Our ML-based UKB-DRP model incorporated ten easily accessible predictors with solid predictive power for incident dementia and AD within five, ten, and much longer years, which can be used to identify individuals at high risk of dementia and AD in the general population.
This study was funded by grants from the Science and Technology Innovation 2030 Major Projects (2022ZD0211600), National Key R&D Program of China (2018YFC1312904, 2019YFA070950), National Natural Science Foundation of China (282071201, 81971032, 82071997), Shanghai Municipal Science and Technology Major Project (2018SHZDZX01), Research Start-up Fund of Huashan Hospital (2022QD002), Excellence 2025 Talent Cultivation Program at Fudan University (3030277001), Shanghai Rising-Star Program (21QA1408700), Medical Engineering Fund of Fudan University (yg2021-013), and the 111 Project (No. B18015).
现有的痴呆风险模型局限于已知风险因素和传统统计方法。我们旨在运用机器学习(ML),通过利用涵盖健康相关数据多个领域的366个特征的丰富表型变量空间,开发一种新型痴呆预测模型。
在这项基于英国生物银行(UKB)纵向人群的队列研究中,2006年3月1日至2010年10月31日期间,从英国22个招募中心招募了425,159名非痴呆参与者。我们实施了一种数据驱动策略,从涵盖广泛遗传和环境因素的366个候选变量中识别预测因子,并开发了ML模型,以预测5年、10年及更长时间(中位数11.9[四分位间距11.2 - 12.5]年)内的新发痴呆和阿尔茨海默病(AD)。

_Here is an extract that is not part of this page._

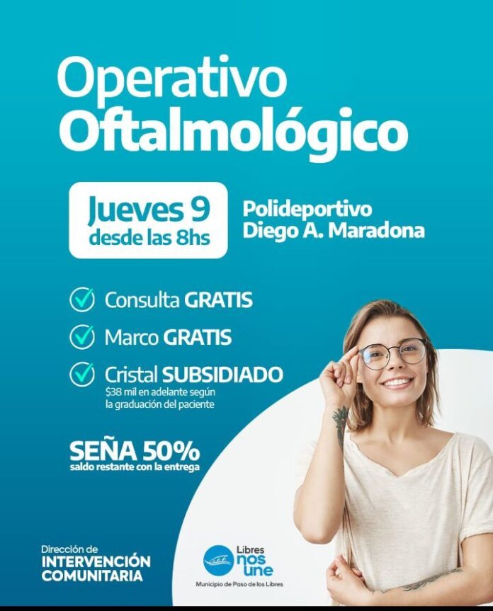 El Municipio de Paso de los Libres, a través de la Dirección de Intervención Comunitaria, llevará adelante un nuevo Operativo Oftalmológico el próximo jueves 9 de octubre desde las 8 horas en el Polideportivo Diego Armando Maradona.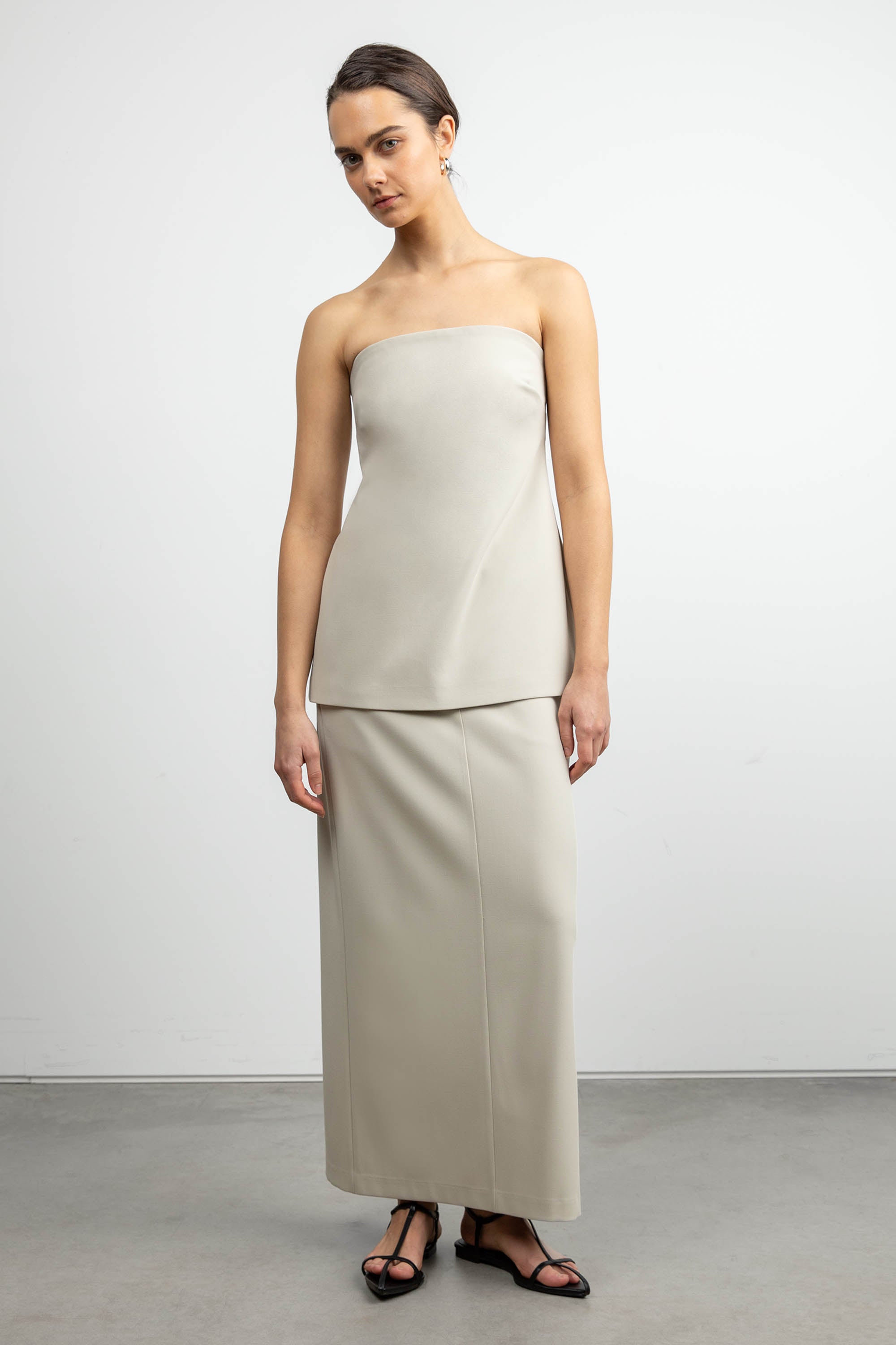 Maxi suiting skirt in pelican — main imageMAXI SUITING SKIRT in Pelican — alternate angle

在5,023,337人年的随访期间,分别有5287名和2416名参与者患上痴呆和AD。建立了一种新型的UKB痴呆风险预测(UKB - DRP)模型,该模型包含十个预测因子,包括年龄、匹配时间对、腿部脂肪百分比、服用药物数量、反应时间、呼气峰值流量、母亲死亡年龄、长期疾病和平均红细胞体积。我们的预测模型基于判别和校准的五折交叉验证进行内部评估,并与现有预测量表进行进一步比较。UKB - DRP模型在痴呆预测方面可实现高判别准确性(AUC 0.848±0.007),在AD预测方面甚至更高(AUC 0.862±0.015)。该模型校准良好(Hosmer - Lemeshow拟合优度χ²值 = 0.92),并且在不同发病时间组中预测能力稳定。更重要的是,我们的模型相对于现有模型如心血管危险因素、衰老和痴呆风险评分发病率(AUC 0.705±0.008)、痴呆风险评分(AUC 0.752±0.007)和澳大利亚国立大学阿尔茨海默病风险指数(AUC 0.584±0.017)具有明显优势。该模型在欧洲血统和白人种族的普通人群中进行了内部验证;因此,需要使用独立数据集进行进一步验证以确认这些发现。
我们基于ML的UKB - DRP模型纳入了十个易于获取的预测因子,对5年、10年及更长时间内的新发痴呆和AD具有强大的预测能力,可用于识别普通人群中痴呆和AD的高风险个体。
本研究由科技创新2030重大项目(2022ZD0211600)、国家重点研发计划(2018YFC1312904, 2019YFA070950)、国家自然科学基金(282071201, 81971032, 82071997)、上海市科技重大项目(2018SHZDZX01)、华山医院科研启动基金(2022QD002)、复旦大学卓越2025人才培养计划(3030277001)、上海市启明星计划(21QA1408700)、复旦大学医学工程基金(yg2021 - 013)和111项目(编号B18015)资助。